What is expected:
Give the listing again word for word. Skip the pictures.

Provided material:
-*-*-

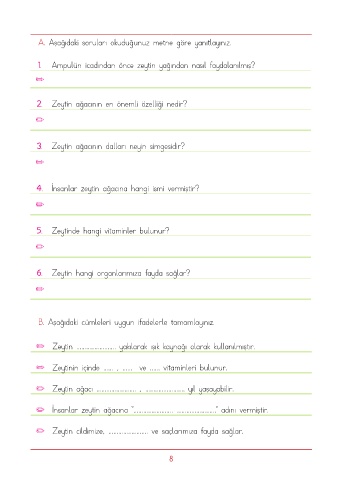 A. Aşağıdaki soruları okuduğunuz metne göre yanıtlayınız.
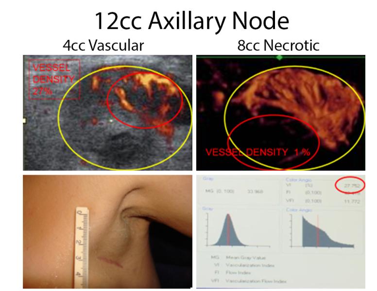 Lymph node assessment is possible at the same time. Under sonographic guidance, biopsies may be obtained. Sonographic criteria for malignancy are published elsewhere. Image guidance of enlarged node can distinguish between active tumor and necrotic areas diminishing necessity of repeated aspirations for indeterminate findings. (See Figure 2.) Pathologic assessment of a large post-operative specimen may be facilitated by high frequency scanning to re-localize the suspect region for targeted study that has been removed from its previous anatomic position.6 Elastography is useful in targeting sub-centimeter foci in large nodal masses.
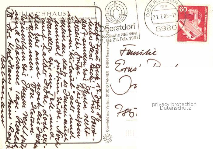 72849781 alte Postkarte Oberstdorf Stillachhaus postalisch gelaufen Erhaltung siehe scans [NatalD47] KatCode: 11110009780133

-*-*-

Result below:
 A. Aşağıdaki soruları okuduğunuz metne göre yanıtlayınız.
 Lymph node assessment is possible at the same time. Under sonographic guidance, biopsies may be obtained. Sonographic criteria for malignancy are published elsewhere. Image guidance of enlarged node can distinguish between active tumor and necrotic areas diminishing necessity of repeated aspirations for indeterminate findings. (See Figure 2.) Pathologic assessment of a large post-operative specimen may be facilitated by high frequency scanning to re-localize the suspect region for targeted study that has been removed from its previous anatomic position.6 Elastography is useful in targeting sub-centimeter foci in large nodal masses.
 72849781 alte Postkarte Oberstdorf Stillachhaus postalisch gelaufen Erhaltung siehe scans [NatalD47] KatCode: 11110009780133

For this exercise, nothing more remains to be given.